*Exercise prompt*
Please copy the lines below, exactly as they are, from the one with "These are premium" through the one with "會場活動由老兵們協助進行,由", and leave out the pictures.

*Input records*
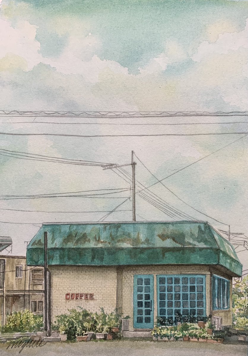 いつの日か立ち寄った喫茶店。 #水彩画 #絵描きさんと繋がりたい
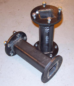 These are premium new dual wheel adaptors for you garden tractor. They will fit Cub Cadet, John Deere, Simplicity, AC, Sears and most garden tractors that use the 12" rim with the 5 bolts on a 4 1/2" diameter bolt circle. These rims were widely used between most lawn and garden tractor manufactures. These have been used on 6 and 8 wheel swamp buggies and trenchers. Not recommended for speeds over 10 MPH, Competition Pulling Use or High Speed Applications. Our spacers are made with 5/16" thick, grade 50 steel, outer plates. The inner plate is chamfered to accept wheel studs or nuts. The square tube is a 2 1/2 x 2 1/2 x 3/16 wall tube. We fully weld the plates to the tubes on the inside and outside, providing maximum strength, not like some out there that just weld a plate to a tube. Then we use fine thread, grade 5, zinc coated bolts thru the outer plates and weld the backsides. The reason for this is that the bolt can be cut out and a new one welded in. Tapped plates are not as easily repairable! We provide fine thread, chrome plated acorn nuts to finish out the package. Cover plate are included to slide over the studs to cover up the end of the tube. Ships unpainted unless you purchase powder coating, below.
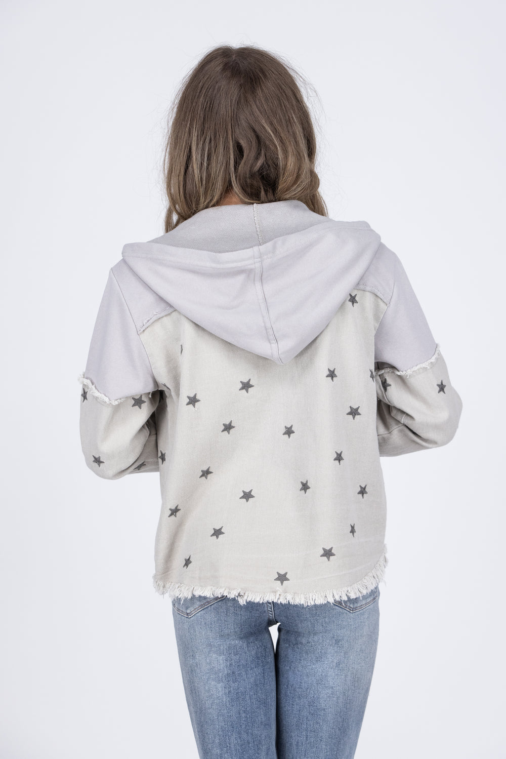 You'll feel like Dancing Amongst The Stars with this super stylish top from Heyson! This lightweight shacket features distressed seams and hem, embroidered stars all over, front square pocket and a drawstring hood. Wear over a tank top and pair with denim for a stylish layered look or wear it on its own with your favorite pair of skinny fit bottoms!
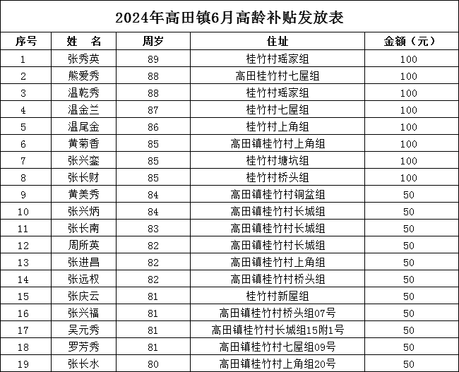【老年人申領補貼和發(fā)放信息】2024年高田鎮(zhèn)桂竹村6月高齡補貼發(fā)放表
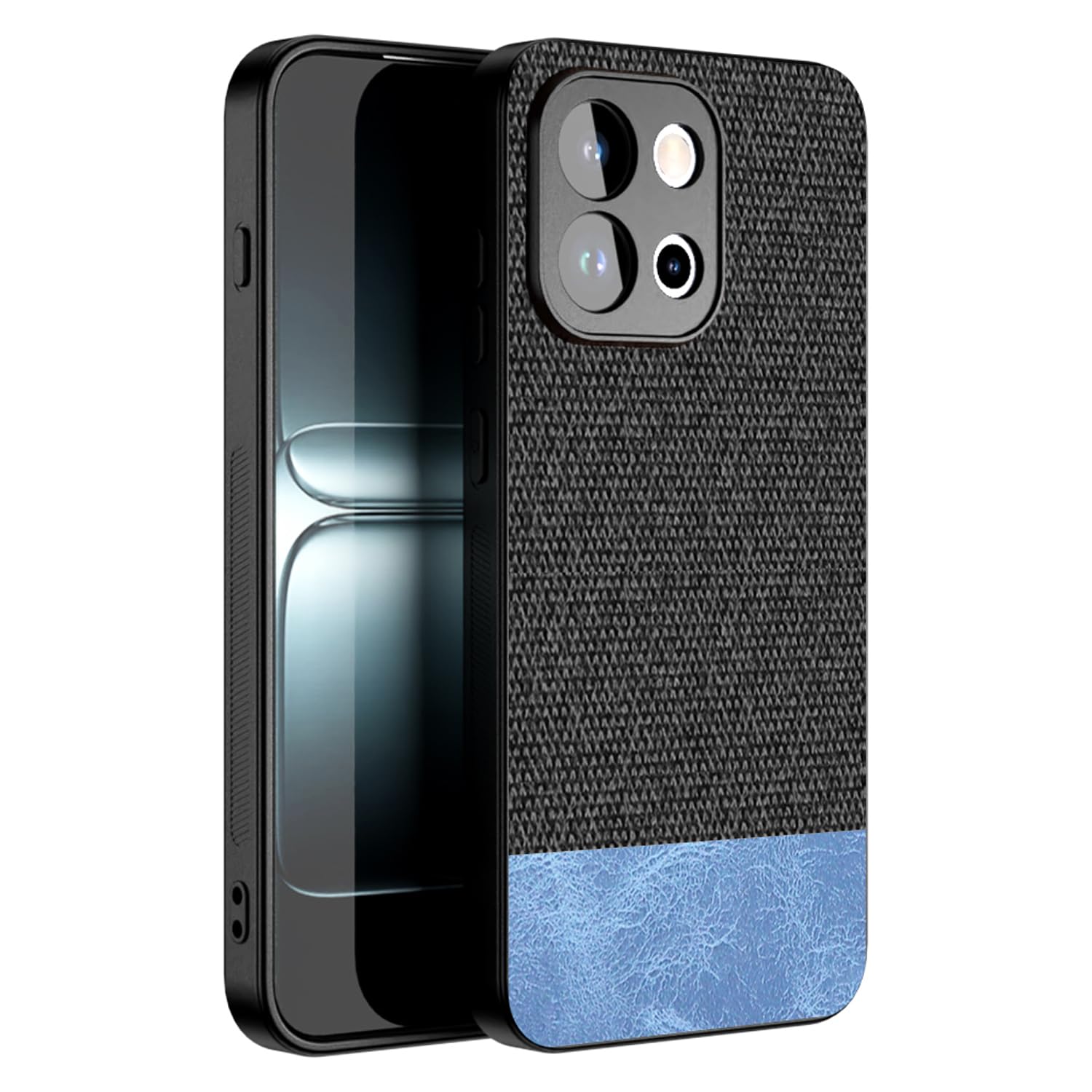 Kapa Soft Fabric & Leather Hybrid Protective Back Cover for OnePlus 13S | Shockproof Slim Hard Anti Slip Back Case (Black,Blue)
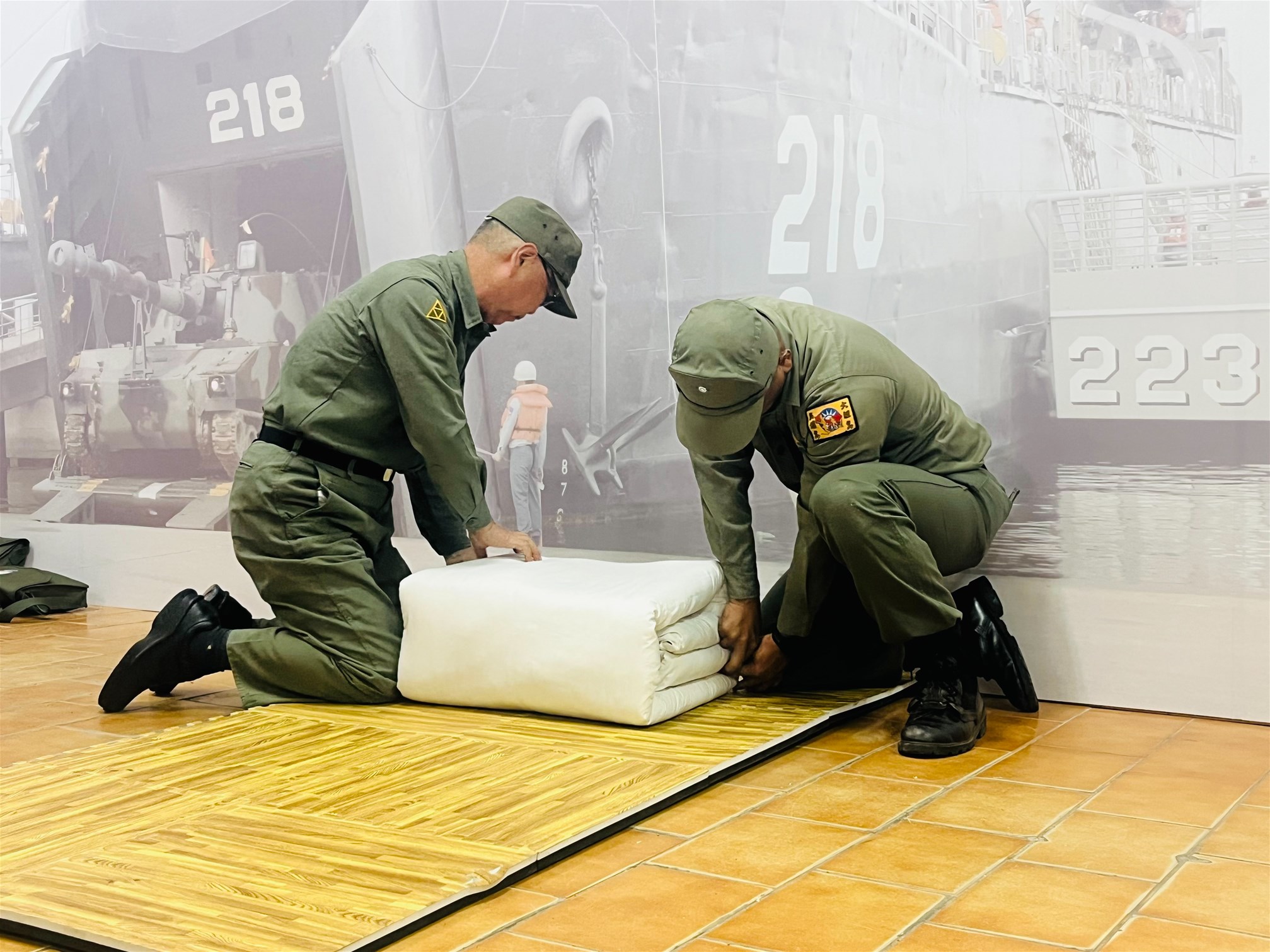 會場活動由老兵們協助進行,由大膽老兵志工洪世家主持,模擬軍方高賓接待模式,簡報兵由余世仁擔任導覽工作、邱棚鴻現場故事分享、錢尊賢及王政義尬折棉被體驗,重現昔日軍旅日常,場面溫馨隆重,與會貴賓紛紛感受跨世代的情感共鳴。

--

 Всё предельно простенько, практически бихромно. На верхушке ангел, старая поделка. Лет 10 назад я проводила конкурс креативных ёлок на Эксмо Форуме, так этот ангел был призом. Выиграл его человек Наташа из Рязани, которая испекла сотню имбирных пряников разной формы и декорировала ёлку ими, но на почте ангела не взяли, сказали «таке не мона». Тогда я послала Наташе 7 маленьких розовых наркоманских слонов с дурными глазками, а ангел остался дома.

*Solution*
 These are premium new dual wheel adaptors for you garden tractor. They will fit Cub Cadet, John Deere, Simplicity, AC, Sears and most garden tractors that use the 12" rim with the 5 bolts on a 4 1/2" diameter bolt circle. These rims were widely used between most lawn and garden tractor manufactures. These have been used on 6 and 8 wheel swamp buggies and trenchers. Not recommended for speeds over 10 MPH, Competition Pulling Use or High Speed Applications. Our spacers are made with 5/16" thick, grade 50 steel, outer plates. The inner plate is chamfered to accept wheel studs or nuts. The square tube is a 2 1/2 x 2 1/2 x 3/16 wall tube. We fully weld the plates to the tubes on the inside and outside, providing maximum strength, not like some out there that just weld a plate to a tube. Then we use fine thread, grade 5, zinc coated bolts thru the outer plates and weld the backsides. The reason for this is that the bolt can be cut out and a new one welded in. Tapped plates are not as easily repairable! We provide fine thread, chrome plated acorn nuts to finish out the package. Cover plate are included to slide over the studs to cover up the end of the tube. Ships unpainted unless you purchase powder coating, below.
 You'll feel like Dancing Amongst The Stars with this super stylish top from Heyson! This lightweight shacket features distressed seams and hem, embroidered stars all over, front square pocket and a drawstring hood. Wear over a tank top and pair with denim for a stylish layered look or wear it on its own with your favorite pair of skinny fit bottoms!
【老年人申領補貼和發(fā)放信息】2024年高田鎮(zhèn)桂竹村6月高齡補貼發(fā)放表
 Kapa Soft Fabric & Leather Hybrid Protective Back Cover for OnePlus 13S | Shockproof Slim Hard Anti Slip Back Case (Black,Blue)
 會場活動由老兵們協助進行,由大膽老兵志工洪世家主持,模擬軍方高賓接待模式,簡報兵由余世仁擔任導覽工作、邱棚鴻現場故事分享、錢尊賢及王政義尬折棉被體驗,重現昔日軍旅日常,場面溫馨隆重,與會貴賓紛紛感受跨世代的情感共鳴。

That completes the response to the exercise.